Today OpenAI is launching Codex, a cloud-based software engineering agent powered by codex-1, designed to handle multiple coding tasks in parallel. Available initially to ChatGPT Pro, Team, and Enterprise users, with Plus and Edu users soon to follow, Codex can write features, fix bugs, answer codebase questions, and propose pull requests. Each task runs in an isolated cloud sandbox preloaded with the user's repository, allowing Codex to read, edit files, and run commands like tests and linters. Task durations vary from 1 to 30 minutes, with real-time progress monitoring.
How Codex Works
Codex operates through a sidebar in ChatGPT where users assign tasks by typing prompts and clicking “Code” or “Ask.” Each task is processed independently in a secure container with no internet access, limiting interaction to the provided codebase and configured dependencies. Codex commits changes in its environment and provides verifiable evidence via terminal logs and test outputs, enabling users to review, request revisions, open pull requests, or integrate changes locally. It can be guided by AGENTS.md files within repositories, which instruct Codex on navigating the codebase, running tests, and adhering to project standards. Even without these files, codex-1 performs strongly on internal benchmarks.
Safety and Trustworthiness
Security and transparency are priorities. Codex refuses requests related to malicious software development while supporting legitimate tasks. Users must manually review all generated code. The agent communicates clearly when uncertain or when tests fail, helping users make informed decisions.
Alignment with Human Preferences
Codex was trained to align closely with human coding styles and standards, producing cleaner patches ready for review and integration compared to previous models.
Early Use Cases and Adoption
OpenAI engineers use Codex to offload repetitive tasks like refactoring, writing tests, and bug fixing, helping maintain focus and accelerate development.

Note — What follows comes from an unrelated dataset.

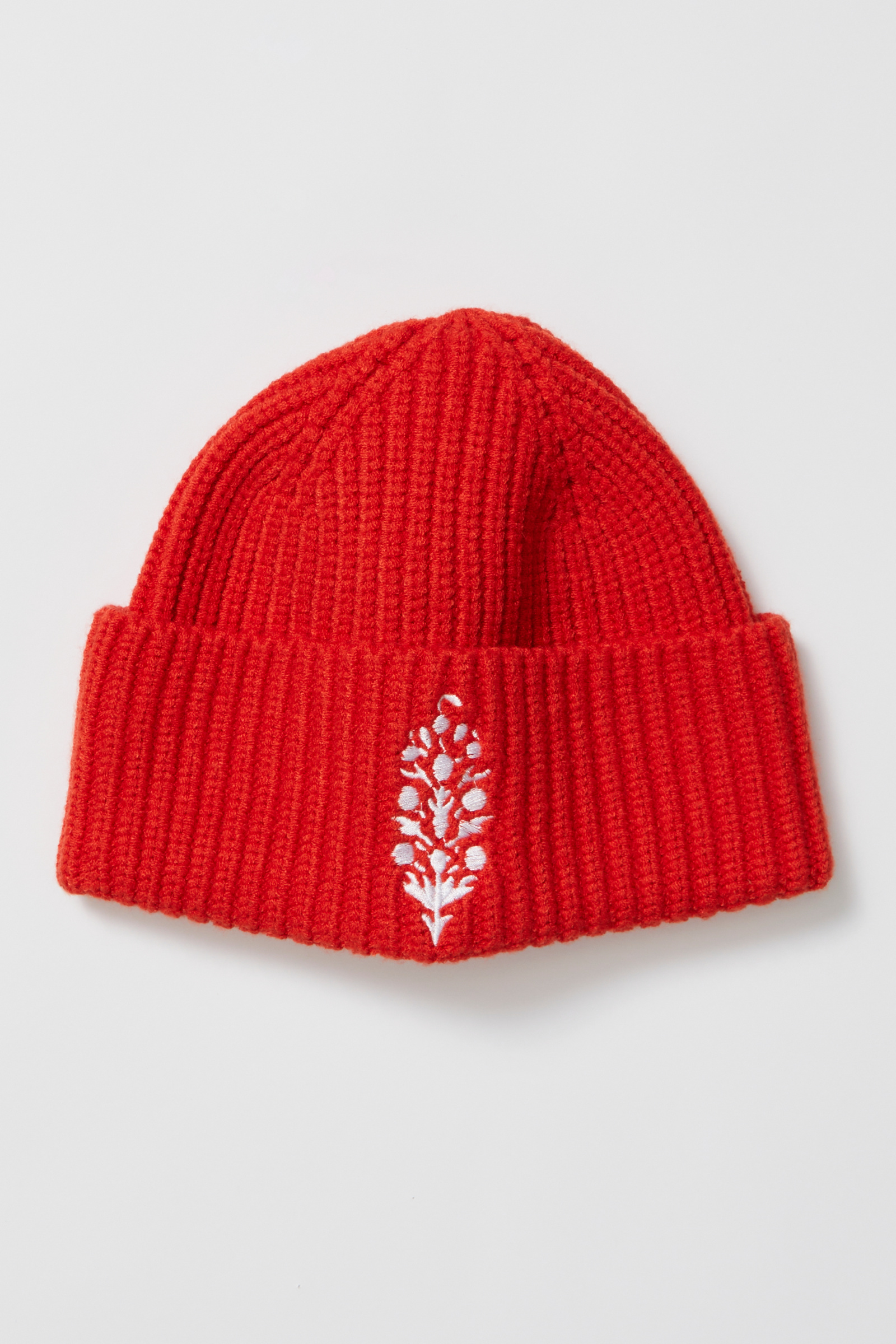 Chunky ribbed knit beanie with a wide cuff and oversized embroidered logo detailing.

External partners such as Cisco, Temporal, Superhuman, and Kodiak employ Codex for feature development, debugging, test coverage, and understanding unfamiliar code. These teams report improved productivity and workflow efficiency.
Codex CLI and Model Updates
The Codex CLI, an open-source terminal coding agent, now includes a smaller, faster codex-mini-latest model optimized for low-latency code Q&A and editing. Users can sign in with ChatGPT accounts for easier API key management and receive free API credits.
Availability, Pricing, and Limitations
Codex is rolling out globally to ChatGPT Pro, Enterprise, and Team users with generous free access initially, followed by rate-limited and paid options. The codex-mini-latest model is available via the Responses API, priced at $1.50 per 1M input tokens and $6 per 1M output tokens, with a 75% prompt caching discount. As a research preview, Codex currently lacks features like image input and mid-task course correction. Remote task delegation takes longer than interactive editing but is expected to improve.
Future Directions
OpenAI envisions a future where developers delegate tasks to AI agents, combining real-time pairing and asynchronous workflows for higher productivity. Upcoming features include interactive guidance mid-task, proactive progress updates, and deeper integrations with tools like GitHub, issue trackers, and CI systems. OpenAI continues collaborating with partners to understand the broader impact of AI agents on developer workflows and skills globally.
System Message and Workflow Guidance
The codex-1 system message defines default behavior, emphasizing Git usage, running all tests specified in AGENTS.md files, and respecting repository-specific instructions. Citations and verifiable logs ensure transparency and traceability of Codex’s actions.
Codex represents a significant advancement in AI-assisted software engineering, providing scalable, secure, and human-aligned coding assistance integrated into developer workflows.